Step1: Let $u = \sin(\ln(8x))$ and $dv=dx$

$du=\frac{\cos(\ln(8x))}{x}dx$, $v = x$

Step2: Apply integration - by - parts formula $\int u\;dv=uv-\int v\;du$

$\int\sin(\ln(8x))dx=x\sin(\ln(8x))-\int x\cdot\frac{\cos(\ln(8x))}{x}dx=x\sin(\ln(8x))-\int\cos(\ln(8x))dx$

Step3: For $\int\cos(\ln(8x))dx$, use integration by parts again.

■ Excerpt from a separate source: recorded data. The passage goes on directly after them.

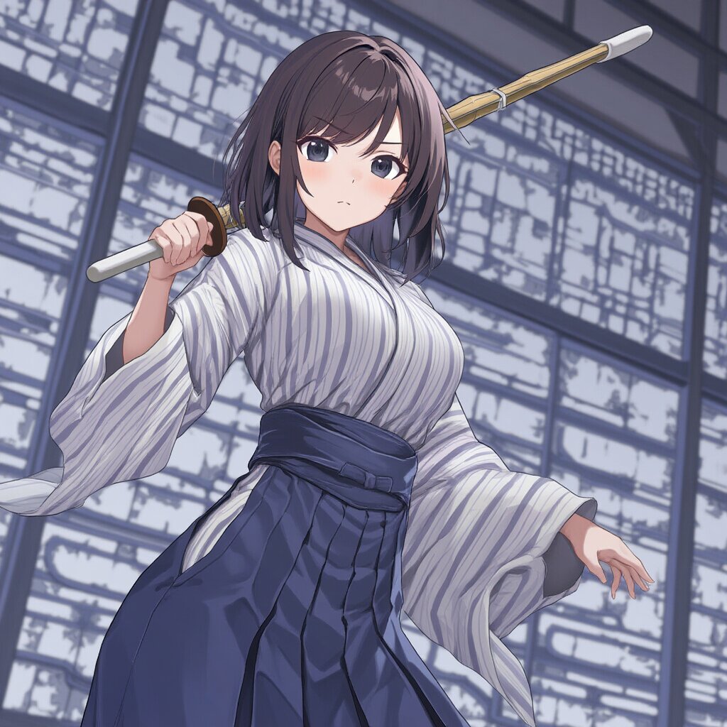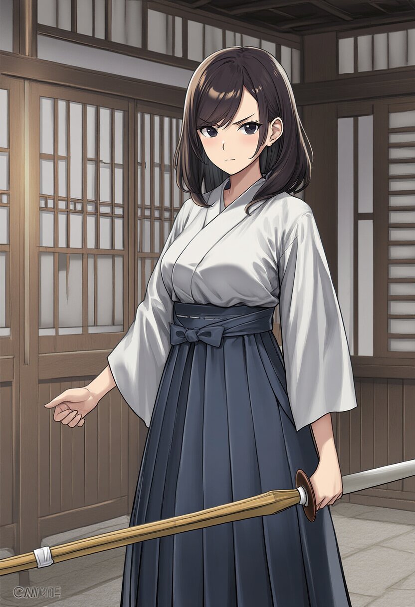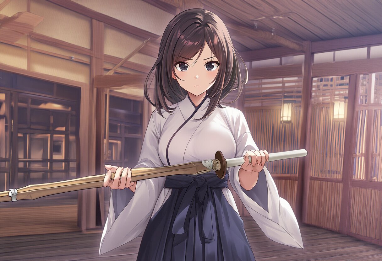 {{{highly detailed}}}, {{official style}}, {{game cg}}, {{tenka hyakken}}, 1girl, solo, medium hair, dark brown hair, swept bangs, black eyes, large breasts, serious, white kimono, blue hakama, holding shinai, cowboy shot, indoor, no humans, {{{masterpiece}}}, {{{best quality}}}, {{{very aesthetic}}}, {{{ultra-detailed}}}, {illustration}, {{{extremely detailed}}}, {{{an extremely delicate and beautiful}}}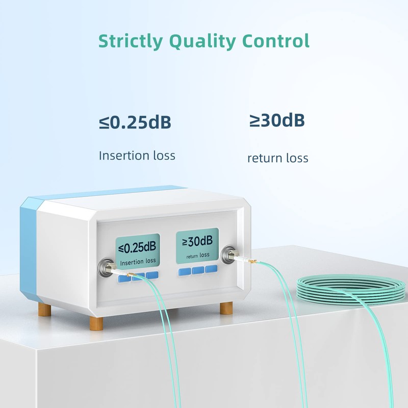 • 【 High Performance MMF 】 7.5mm minimum bend radius, which makes it suitable to be used in narrow spaces; Insertion loss≤0.25(dB), return loss≥30(dB), the low insertion loss and high return loss make sure the stability of transmission; It can work at -20°C to 70°C, which is almost suitable for all common environments; Jacket outside diameter is 2.0mm.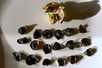 Sementes de Hippeastrum com casca rica em fitomelanos que lhes dão coloração negra.

Let $u = \cos(\ln(8x))$ and $dv = dx$

$du=-\frac{\sin(\ln(8x))}{x}dx$, $v = x$

Step4: Apply integration - by - parts formula for $\int\cos(\ln(8x))dx$

$\int\cos(\ln(8x))dx=x\cos(\ln(8x))+\int x\cdot\frac{\sin(\ln(8x))}{x}dx=x\cos(\ln(8x))+\int\sin(\ln(8x))dx$

Step5: Substitute $\int\cos(\ln(8x))dx$ into the result of Step 2

$\int\sin(\ln(8x))dx=x\sin(\ln(8x))-(x\cos(\ln(8x))+\int\sin(\ln(8x))dx)$

Step6: Solve for $\int\sin(\ln(8x))dx$

$\int\sin(\ln(8x))dx+\int\sin(\ln(8x))dx=x\sin(\ln(8x)) - x\cos(\ln(8x))$
$2\int\sin(\ln(8x))dx=x\sin(\ln(8x)) - x\cos(\ln(8x))$
$\int\sin(\ln(8x))dx=\frac{x}{2}(\sin(\ln(8x))-\cos(\ln(8x)))+C$

Answer:

$\frac{x}{2}(\sin(\ln(8x))-\cos(\ln(8x)))+C$